### YOUR INSTRUCTIONS
Return the lines of the data below, from the one containing "soal latihan ulangan" through the very last, exactly and with both ends included; no pictures.

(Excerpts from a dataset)
--

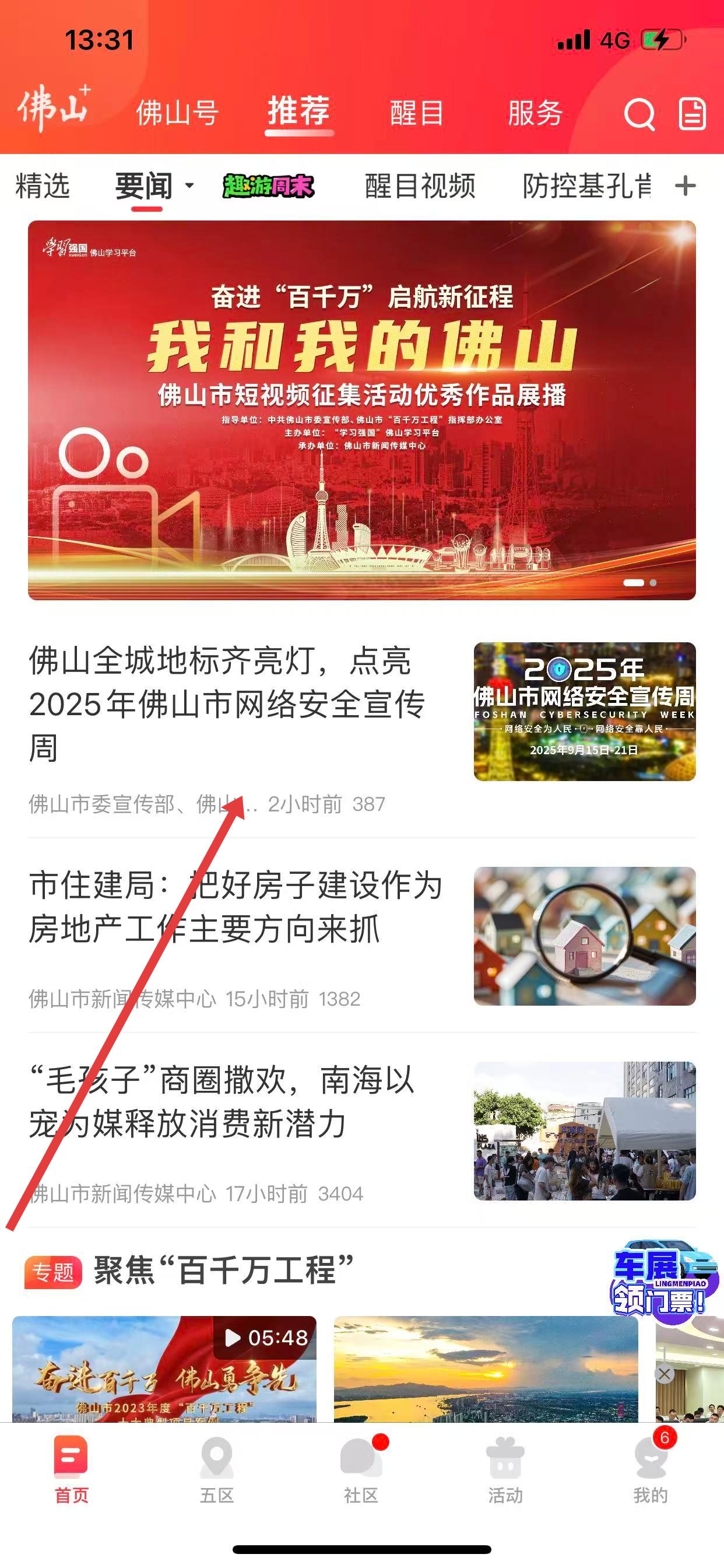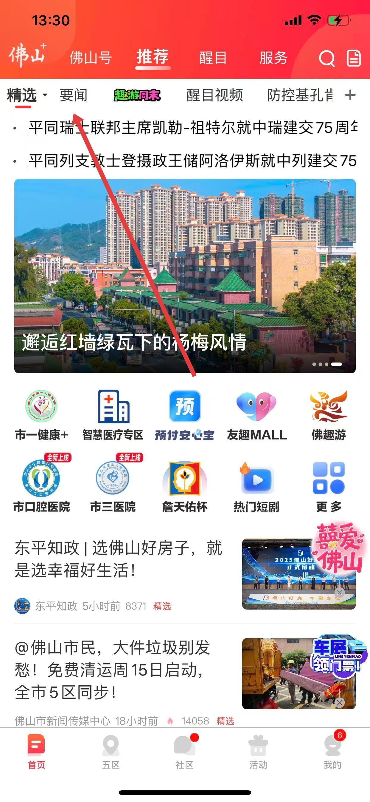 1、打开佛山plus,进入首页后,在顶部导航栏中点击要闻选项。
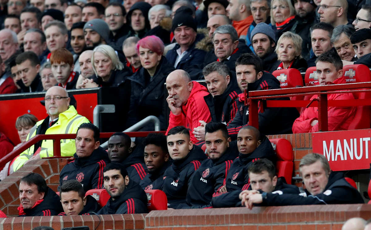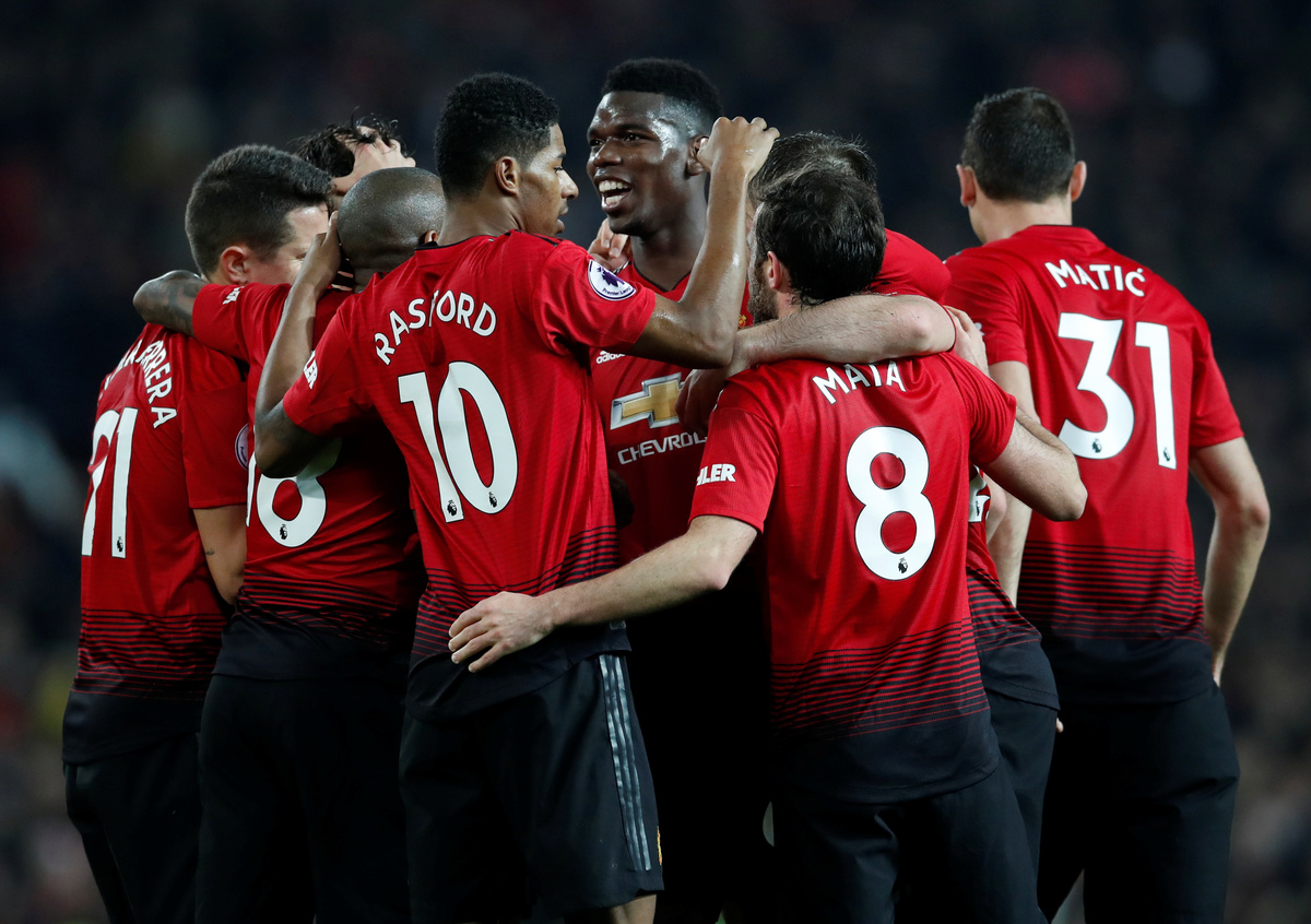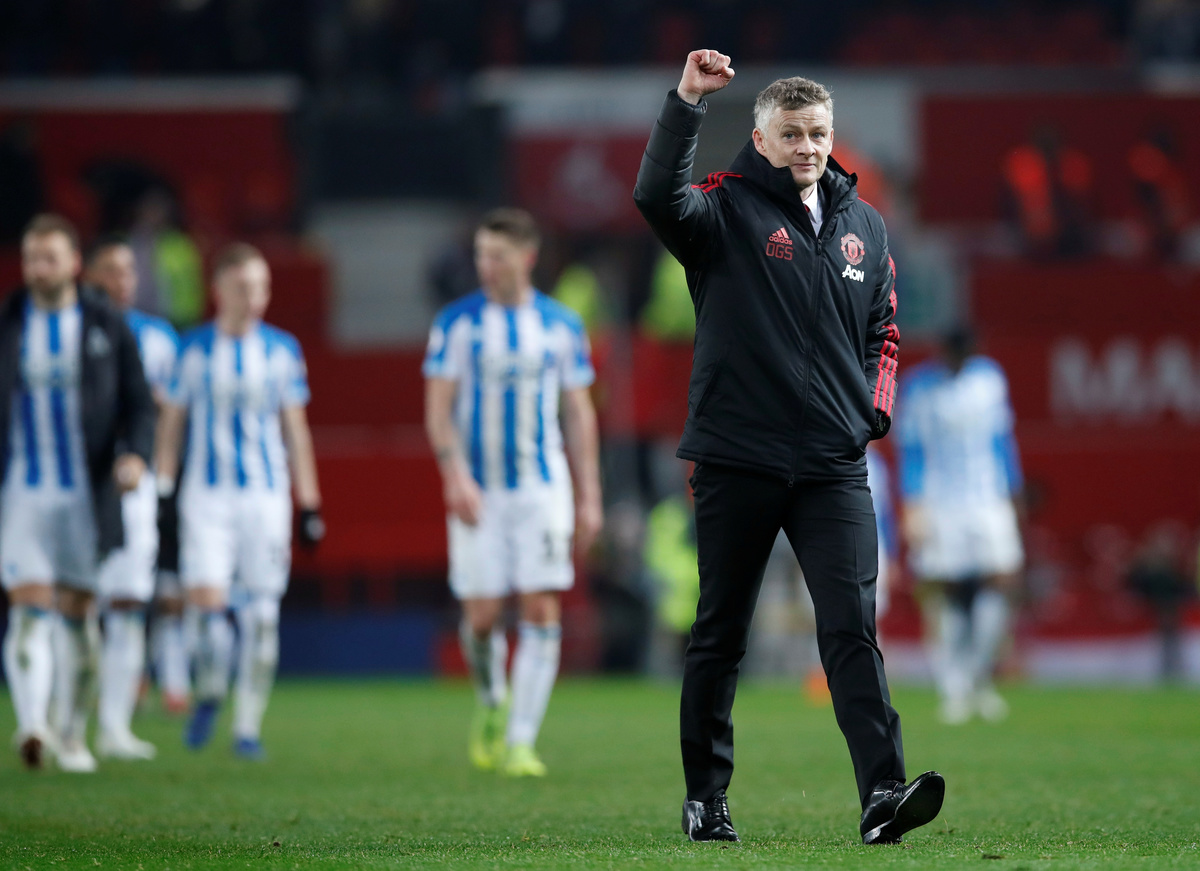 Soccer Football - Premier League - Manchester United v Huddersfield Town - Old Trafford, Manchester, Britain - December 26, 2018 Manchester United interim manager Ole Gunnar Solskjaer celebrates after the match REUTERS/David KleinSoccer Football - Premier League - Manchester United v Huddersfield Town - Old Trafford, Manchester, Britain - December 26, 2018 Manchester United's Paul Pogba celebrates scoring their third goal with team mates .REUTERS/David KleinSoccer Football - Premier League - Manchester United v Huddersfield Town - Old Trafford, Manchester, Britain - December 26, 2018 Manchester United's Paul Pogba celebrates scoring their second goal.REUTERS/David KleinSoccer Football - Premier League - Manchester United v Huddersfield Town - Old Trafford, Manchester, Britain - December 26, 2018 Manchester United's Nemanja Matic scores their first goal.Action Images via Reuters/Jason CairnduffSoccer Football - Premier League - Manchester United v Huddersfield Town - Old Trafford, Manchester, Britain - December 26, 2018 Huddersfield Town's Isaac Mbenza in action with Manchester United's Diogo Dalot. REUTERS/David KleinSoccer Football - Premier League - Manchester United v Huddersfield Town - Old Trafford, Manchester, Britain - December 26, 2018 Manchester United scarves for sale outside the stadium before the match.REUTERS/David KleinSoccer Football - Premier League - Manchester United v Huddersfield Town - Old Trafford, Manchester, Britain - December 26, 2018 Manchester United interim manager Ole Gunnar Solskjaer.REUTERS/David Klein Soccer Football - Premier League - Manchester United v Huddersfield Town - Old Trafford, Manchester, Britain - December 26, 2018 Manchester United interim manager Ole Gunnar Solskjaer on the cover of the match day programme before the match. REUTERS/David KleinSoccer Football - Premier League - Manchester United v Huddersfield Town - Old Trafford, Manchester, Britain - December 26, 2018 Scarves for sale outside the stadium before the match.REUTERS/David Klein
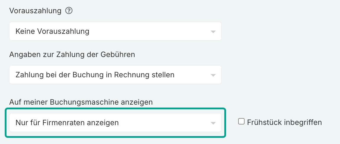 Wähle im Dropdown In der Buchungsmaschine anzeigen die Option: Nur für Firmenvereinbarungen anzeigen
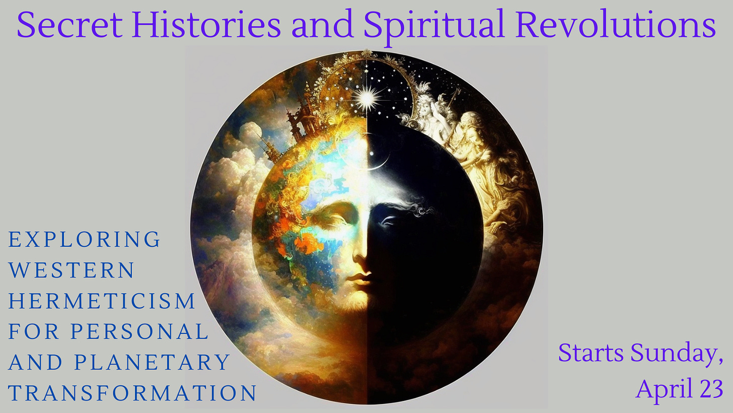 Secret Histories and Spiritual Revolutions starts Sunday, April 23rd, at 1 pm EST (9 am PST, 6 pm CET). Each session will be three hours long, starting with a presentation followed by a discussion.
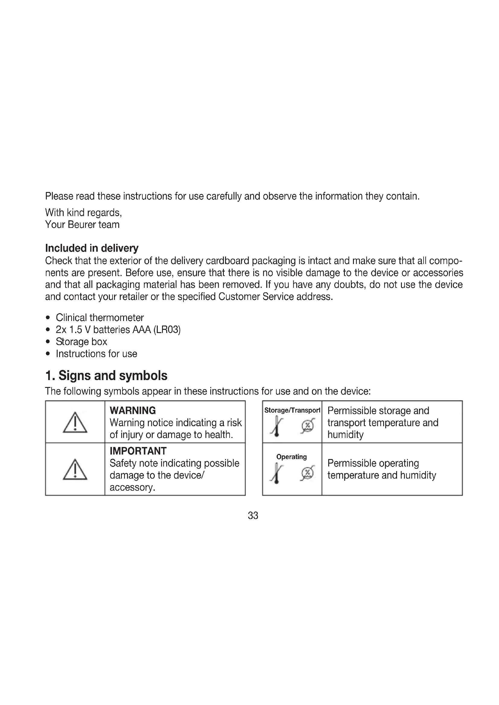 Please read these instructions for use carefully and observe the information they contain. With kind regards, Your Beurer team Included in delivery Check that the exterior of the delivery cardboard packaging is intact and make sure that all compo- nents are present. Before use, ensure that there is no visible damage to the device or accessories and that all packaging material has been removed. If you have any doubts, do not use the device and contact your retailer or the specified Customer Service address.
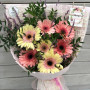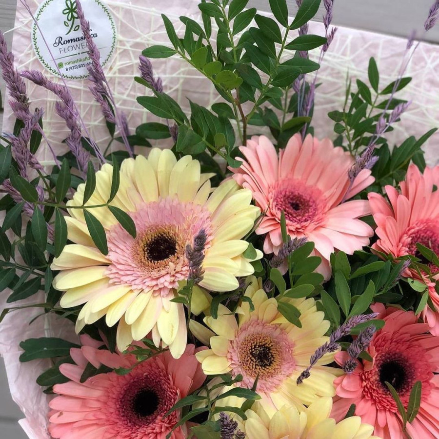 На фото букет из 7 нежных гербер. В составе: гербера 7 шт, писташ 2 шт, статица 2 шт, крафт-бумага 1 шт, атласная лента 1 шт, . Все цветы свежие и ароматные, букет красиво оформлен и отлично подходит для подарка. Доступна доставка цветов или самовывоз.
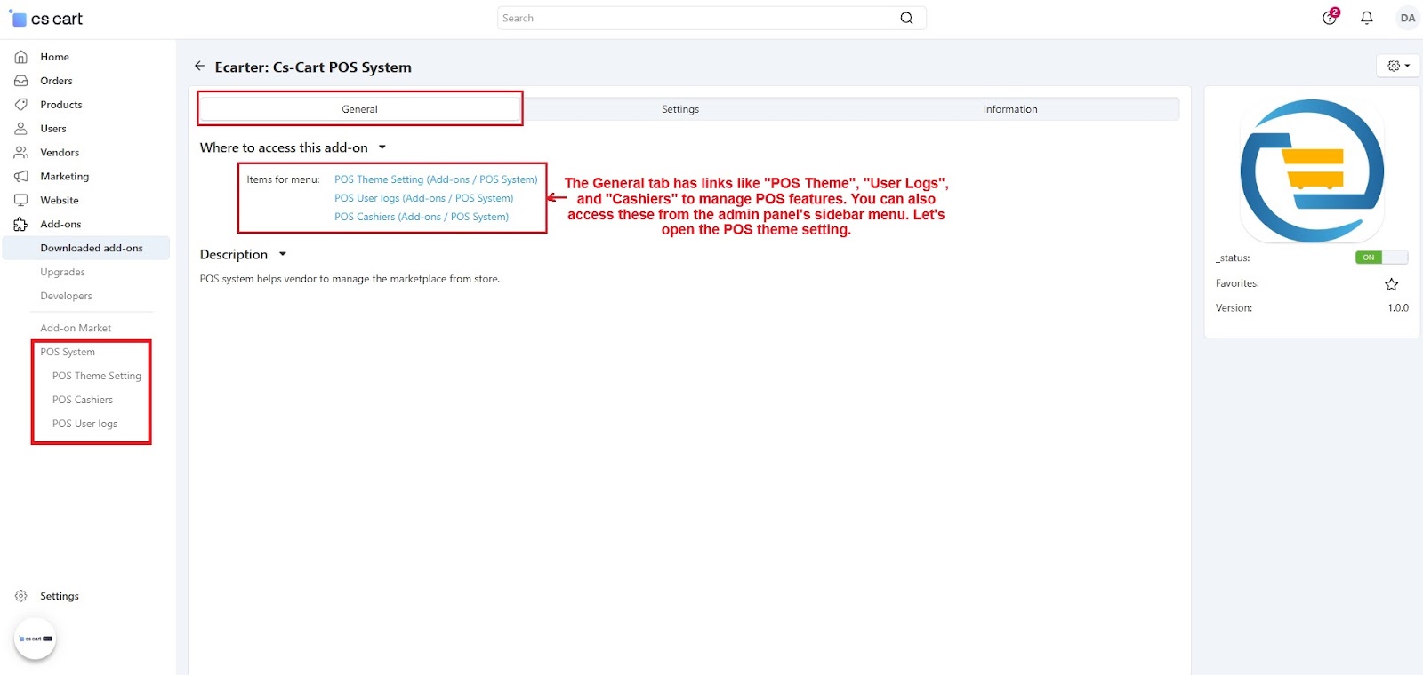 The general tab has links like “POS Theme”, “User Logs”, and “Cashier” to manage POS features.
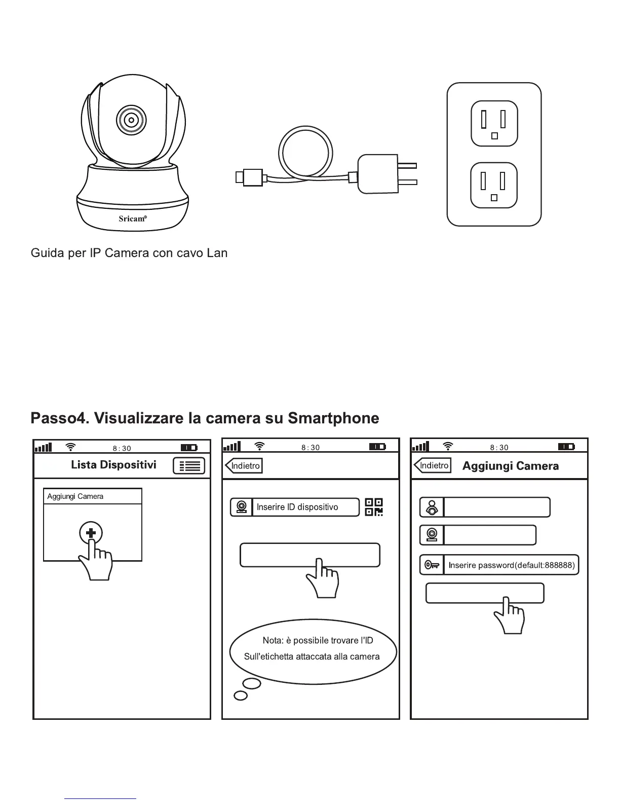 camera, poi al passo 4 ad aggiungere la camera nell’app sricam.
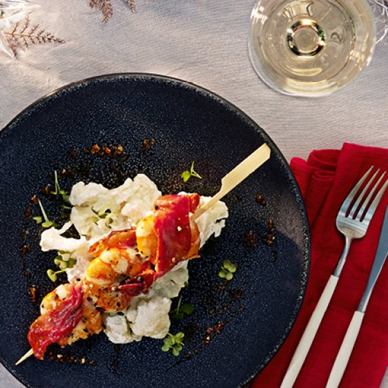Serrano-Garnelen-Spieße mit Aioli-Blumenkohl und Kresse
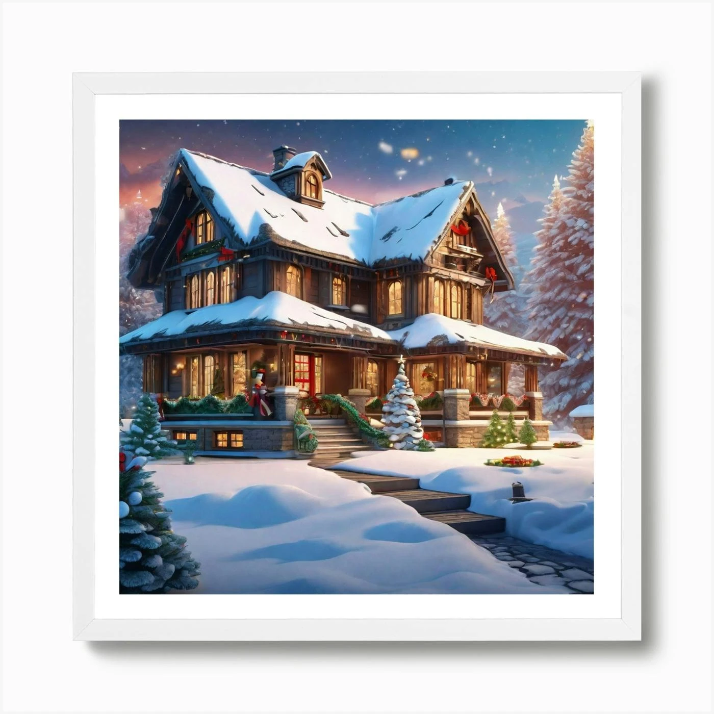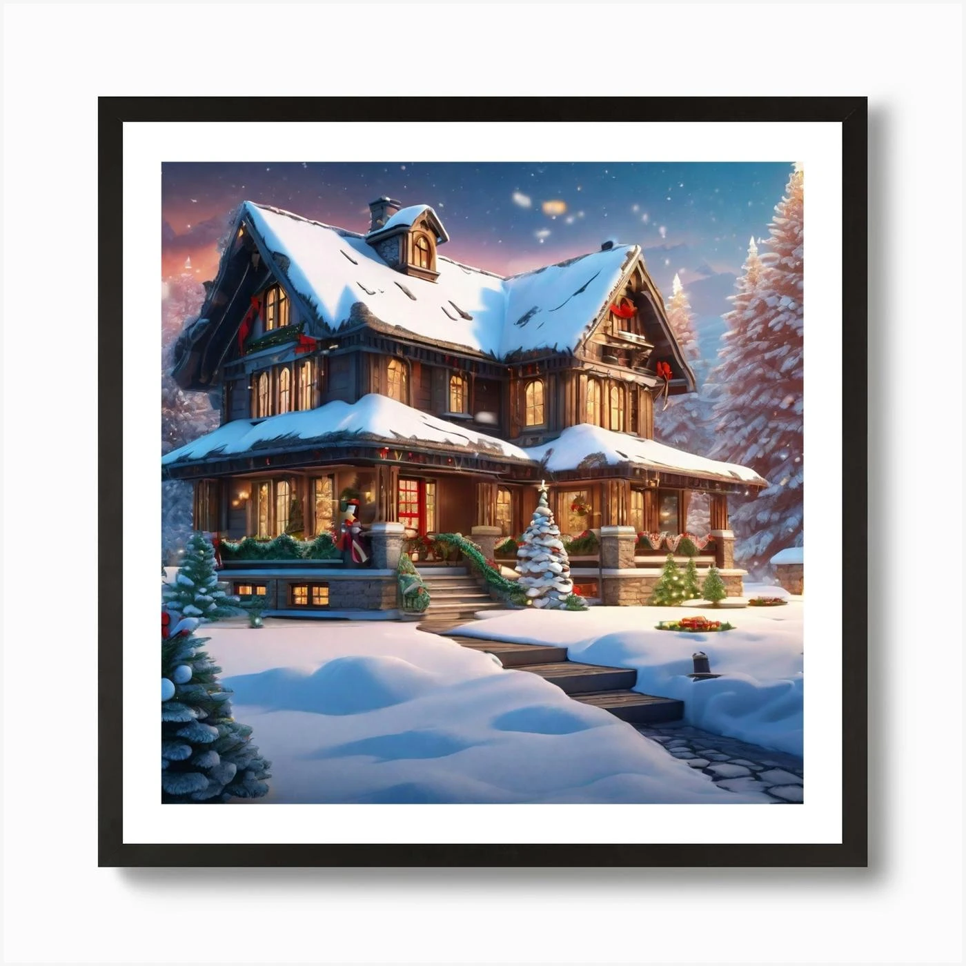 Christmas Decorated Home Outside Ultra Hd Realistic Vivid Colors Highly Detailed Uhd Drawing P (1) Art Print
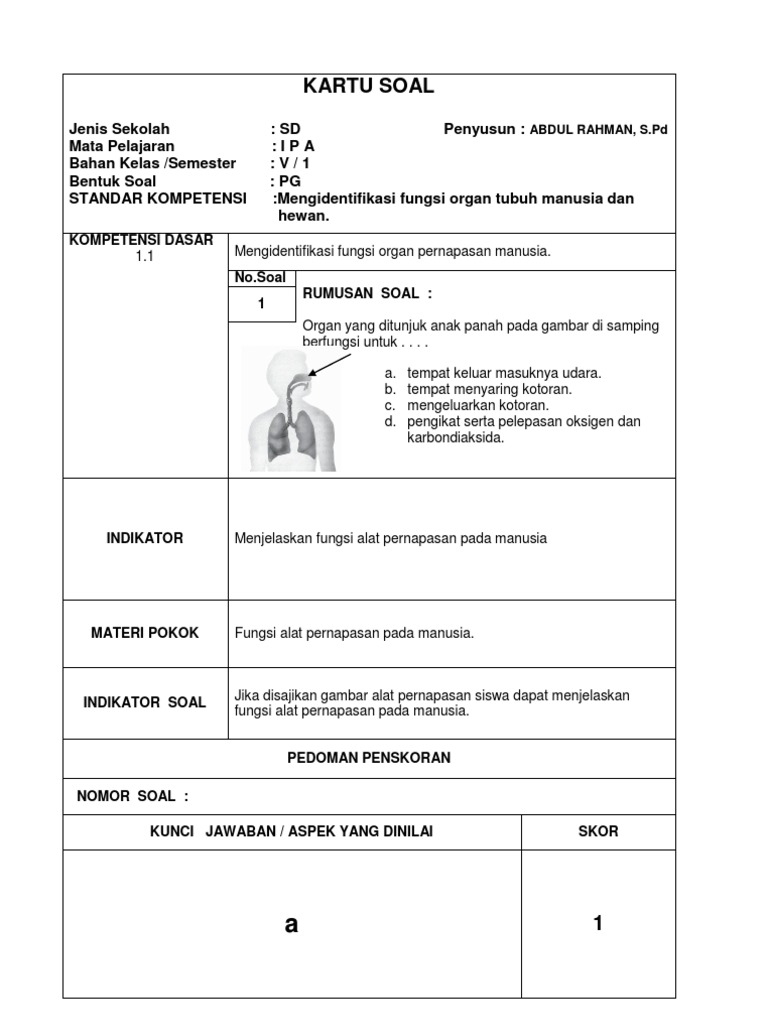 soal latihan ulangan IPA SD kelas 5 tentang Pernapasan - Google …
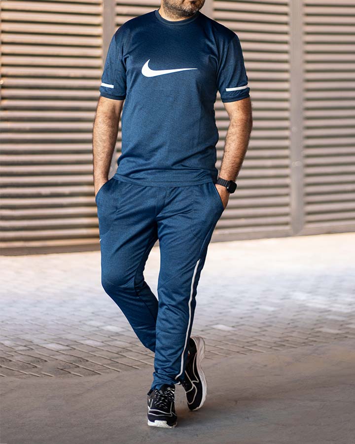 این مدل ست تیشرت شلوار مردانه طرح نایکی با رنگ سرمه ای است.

--

### YOUR RESPONSE
 soal latihan ulangan IPA SD kelas 5 tentang Pernapasan - Google …
 این مدل ست تیشرت شلوار مردانه طرح نایکی با رنگ سرمه ای است.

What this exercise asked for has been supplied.